**Exercise objective**
Using the listing below, please print exactly the lines from the one with "Söker du en" through the one with "Experience the household". Leave out every picture.
BEGIN Supplied entries
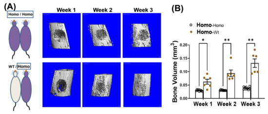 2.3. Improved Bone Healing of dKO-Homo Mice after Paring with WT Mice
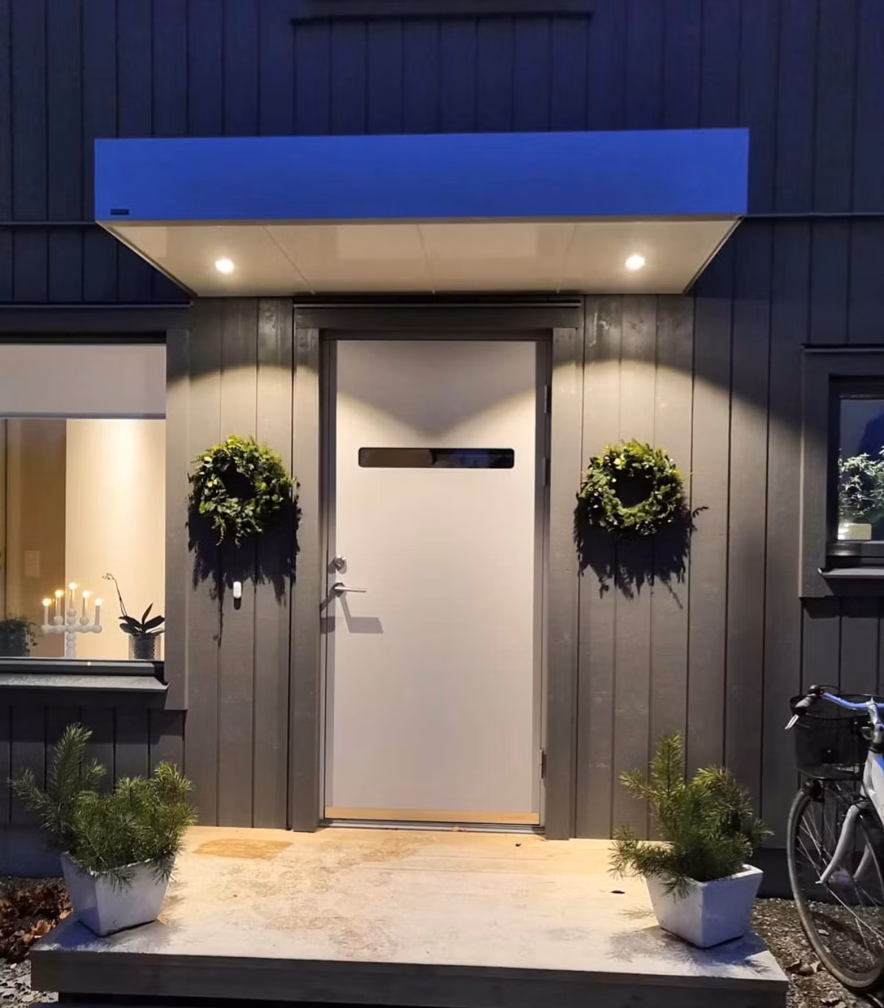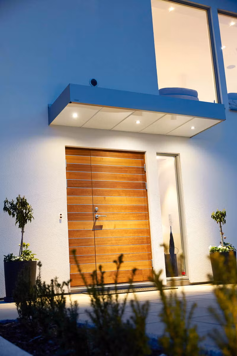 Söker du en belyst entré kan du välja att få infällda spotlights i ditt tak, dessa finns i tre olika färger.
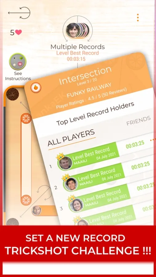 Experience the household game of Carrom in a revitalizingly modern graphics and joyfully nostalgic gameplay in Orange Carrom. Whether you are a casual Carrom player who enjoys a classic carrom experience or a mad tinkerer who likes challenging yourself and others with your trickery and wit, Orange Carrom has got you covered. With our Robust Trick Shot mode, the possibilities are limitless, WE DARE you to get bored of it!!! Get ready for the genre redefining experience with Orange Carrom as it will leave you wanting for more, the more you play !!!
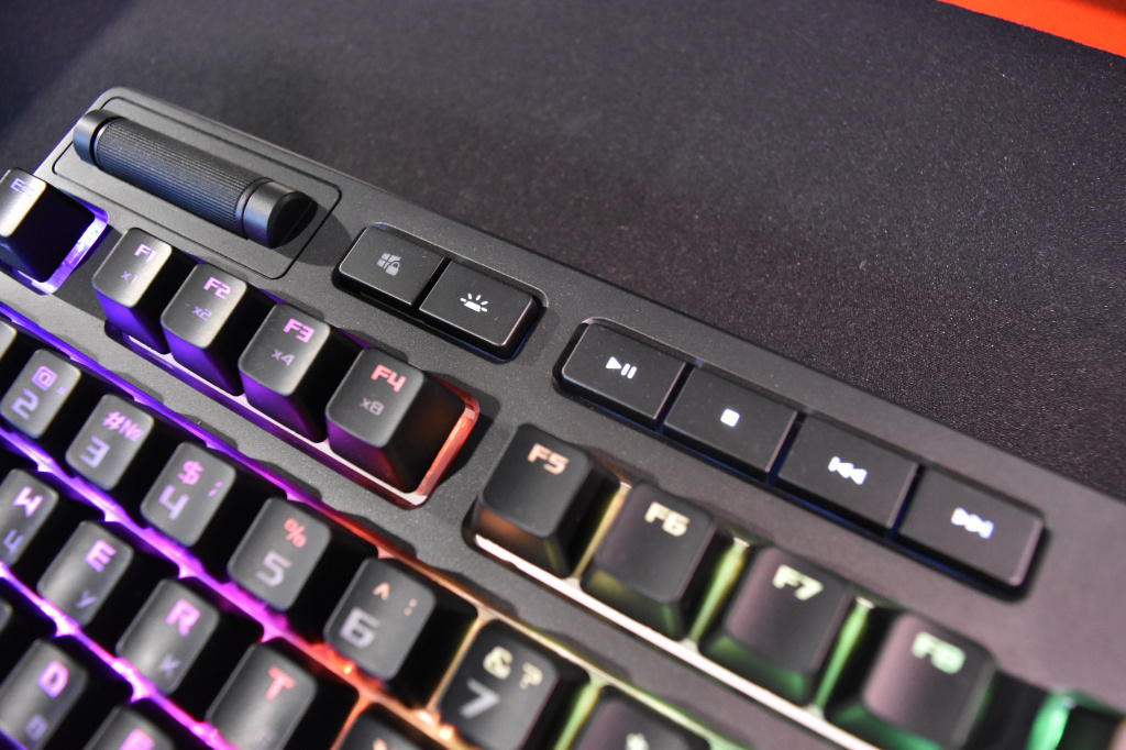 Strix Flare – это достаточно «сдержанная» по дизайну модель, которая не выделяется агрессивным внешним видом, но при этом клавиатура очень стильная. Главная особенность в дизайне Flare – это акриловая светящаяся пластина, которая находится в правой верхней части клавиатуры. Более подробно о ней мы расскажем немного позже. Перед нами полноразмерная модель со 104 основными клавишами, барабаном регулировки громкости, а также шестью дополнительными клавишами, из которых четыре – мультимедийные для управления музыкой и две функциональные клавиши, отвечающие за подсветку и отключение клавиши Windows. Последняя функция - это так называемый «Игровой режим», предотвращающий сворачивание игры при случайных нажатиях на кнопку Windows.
END Supplied entries
BEGIN Supplied entries
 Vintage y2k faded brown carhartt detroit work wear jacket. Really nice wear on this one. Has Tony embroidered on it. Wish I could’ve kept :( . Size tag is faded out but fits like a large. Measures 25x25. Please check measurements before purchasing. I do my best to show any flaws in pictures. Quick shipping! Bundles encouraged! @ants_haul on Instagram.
END Supplied entries
**Solution to this problem**
 Söker du en belyst entré kan du välja att få infällda spotlights i ditt tak, dessa finns i tre olika färger.
 Experience the household game of Carrom in a revitalizingly modern graphics and joyfully nostalgic gameplay in Orange Carrom. Whether you are a casual Carrom player who enjoys a classic carrom experience or a mad tinkerer who likes challenging yourself and others with your trickery and wit, Orange Carrom has got you covered. With our Robust Trick Shot mode, the possibilities are limitless, WE DARE you to get bored of it!!! Get ready for the genre redefining experience with Orange Carrom as it will leave you wanting for more, the more you play !!!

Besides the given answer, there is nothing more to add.